Church fighting spread of flu

| October 8, 2009

The Altoona-Johnstown Roman Catholic Diocese is suspending the use of wine for Holy Communion and the practice of handshaking, at least temporarily, as a measure to prevent the spread of swine flu.

The measures take effect by the weekend of Oct. 17-18, said Tony DeGol, secretary for communications.

“The bishops of Pennsylvania met recently and agreed that each bishop would develop directives for his home district,” DeGol said.

“That means that each diocese will have its own directives, and each diocese will be different.”

Flu-prevention measures also will vary outside the Roman Catholic faith.

While churches with an Anglican background serve Communion in much the same manner as Roman Catholic churches, they have not made similar changes.

“We have not thought about making any change to what we normally do,” said the Rev. Vicente Santiago, priest of St. Mark’s Episcopal Church in Johnstown.

However, the priest said, he is careful to wash his hands before distributing the Communion and makes sure hand sanitizer is available to congregants.

Santiago said he would make changes if advised by health officials to do so.

The Atlanta-based Centers for Disease Control and Prevention does not rank a common Communion cup as a common danger.

“As far as the Communion cup, it’s a very small risk,” CDC spokeswoman Amanda Aldridge said.

“Churches do want to consider discouraging anyone who has an active infection from taking Communion or shaking hands,” she said.

“It’s more the person’s condition that’s important. And from CDC’s point of view, it’s most important to always wash hands,” she said.

Within the Altoona-Johnstown Roman Catholic Diocese, people are being encouraged to use common sense, DeGol said.

“If they’re not feeling well, and are truly sick, it is not a sin to miss Mass,” he said.

The ban on handshaking is not too extreme, he said.

“The feedback we’re getting from people is that they don’t want to shake hands and take the risk of being infected, but if people extend their hands and the other person does not shake, they feel snubbed,” he said.

“This will solve that problem.”

Specifically, Bishop Joseph V. Adamec issued these temporary directives Wednesday:

n Communion wine, termed the Precious Blood, will not be distributed in any form.

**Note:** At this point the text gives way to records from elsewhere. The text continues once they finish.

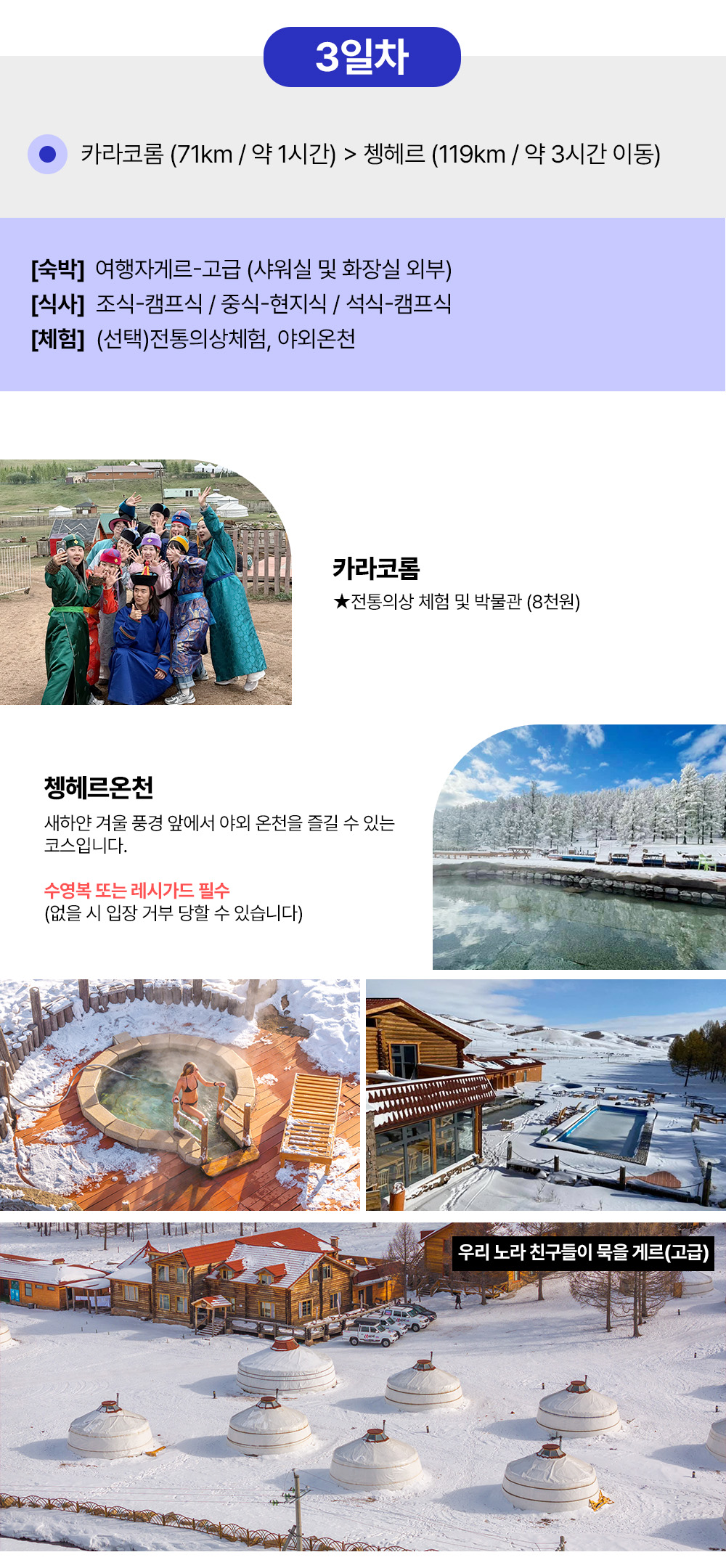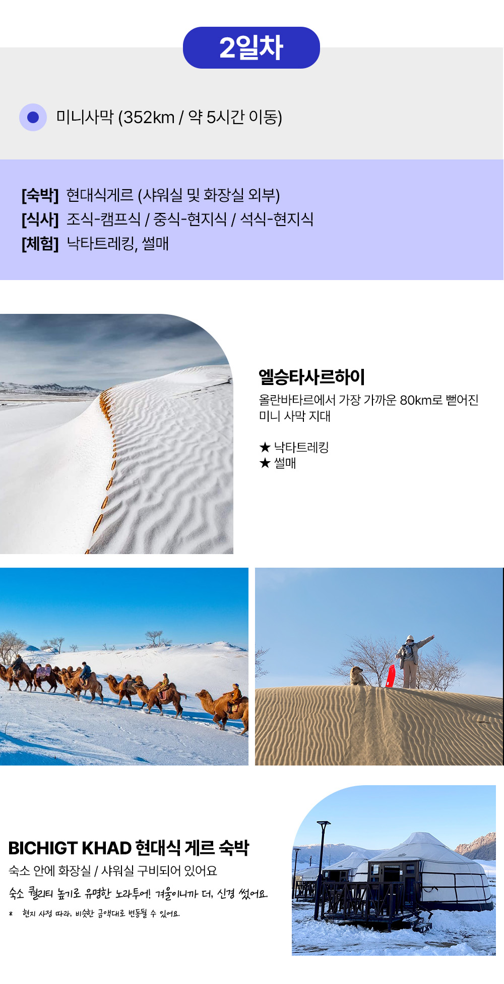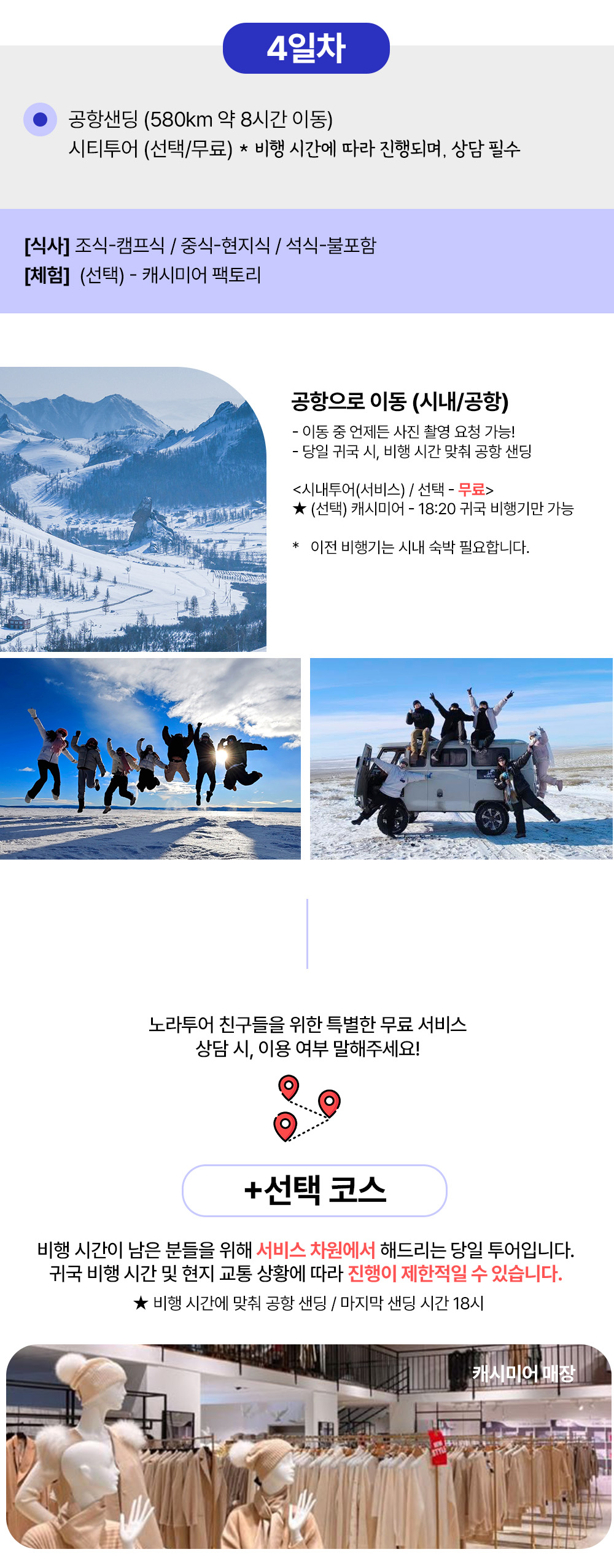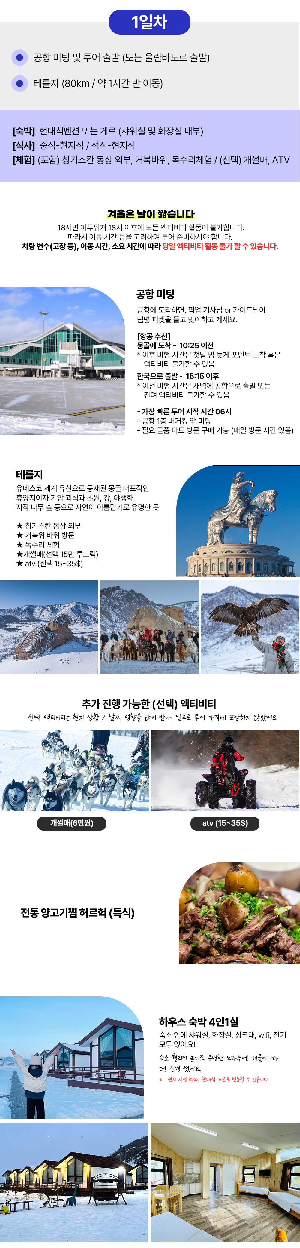 [1day] 칭기스칸 동상 외부, 테를지 승마트레킹, 독수리체험, 허르헉 (선택)개썰매 80km 1 시간반 (현대식게르) [2day] 미니사막 낙타트레킹, 모래 썰매(선택)마사지 325km 5 시간 (현대식게르) [3day] 카라코롬 (선택)전통의상체험 -> 야외 온천 208km 4 시간 (여행자고급게르) [4day] (선택)캐시미어 팩토리, 공항 샌딩 55km 2 시간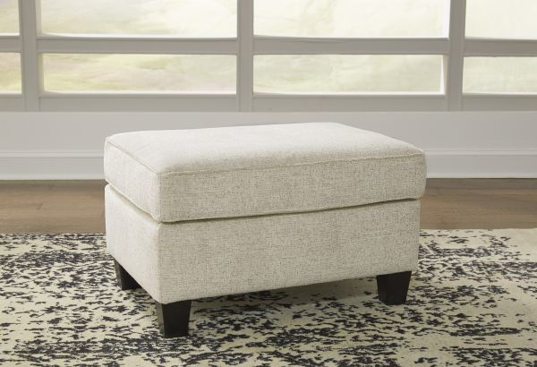 If you’re looking to lighten the mood, you’re sure to find this ottoman a breath of fresh air. Covered in a cream-tone chenille upholstery loaded with plush texture, this less-is-more contemporary ottoman is one sensational sidekick. Corner-blocked frame Firmly cushioned High-resiliency foam cushion wrapped in thick poly fiber Polyester upholstery Exposed feet with faux wood finish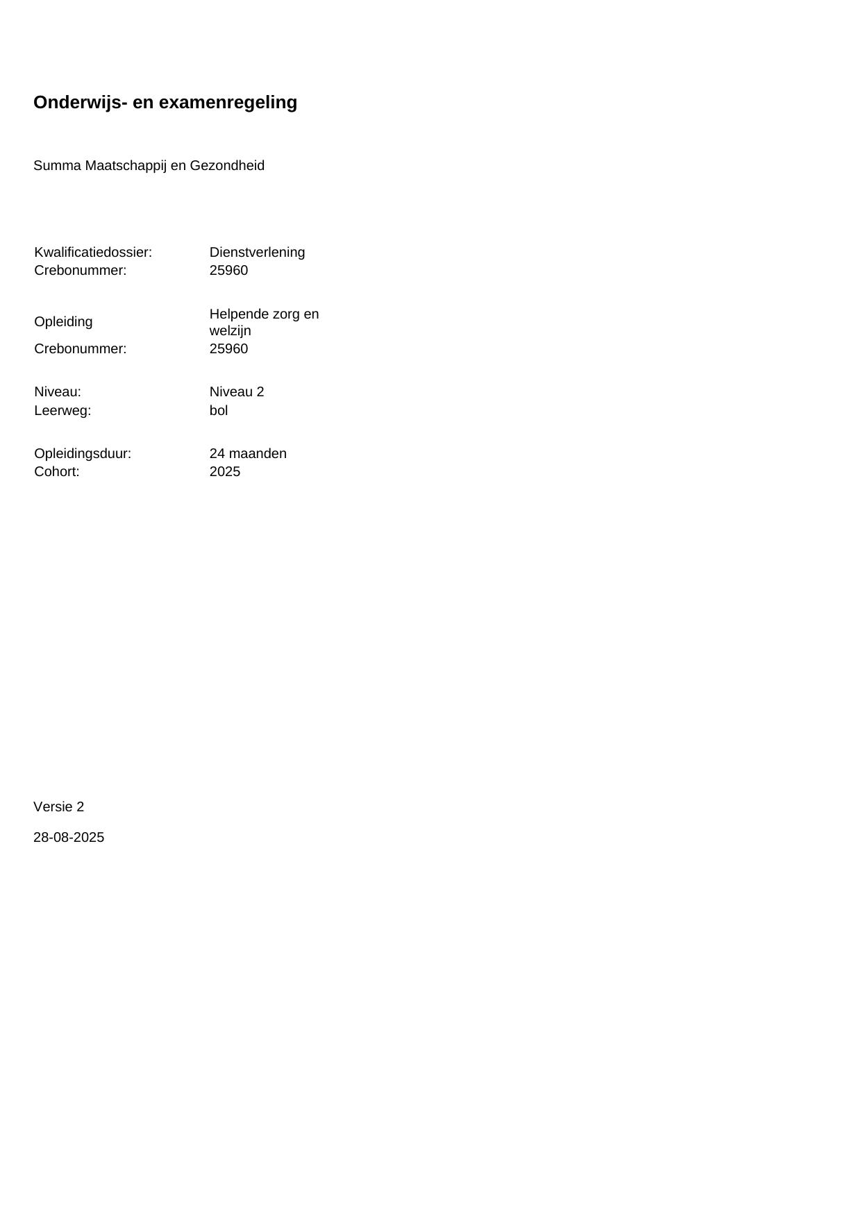 Helpende zorg en welzijn 25960BOL24.01 in cohort 2025-2026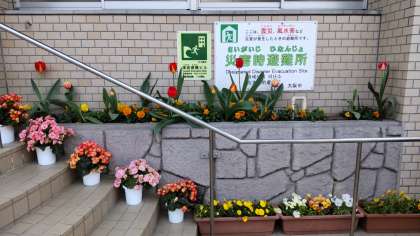 玄関の登り口のチューリップが綺麗に咲いて子どもたちを迎えています。

“Since we believe that the whole Body of Christ is present under either sign, this temporary directive should not be seen as being contrary to any basic belief of our Catholic Faith,” he said in his directives.

n Any sign of peace is to be without bodily contact, such as shaking and kissing as signs of peace. Nodding is suggested.

n The most sanitary way of receiving Holy Communion is in the hand. However, reception on the tongue may not be denied.

For priests, Adamec directs them to wash or sanitize their hands before distributing Holy Communion, to change the water in holy water fonts on a regular basis and to encourage members of the congregation to wash their hands before coming to church.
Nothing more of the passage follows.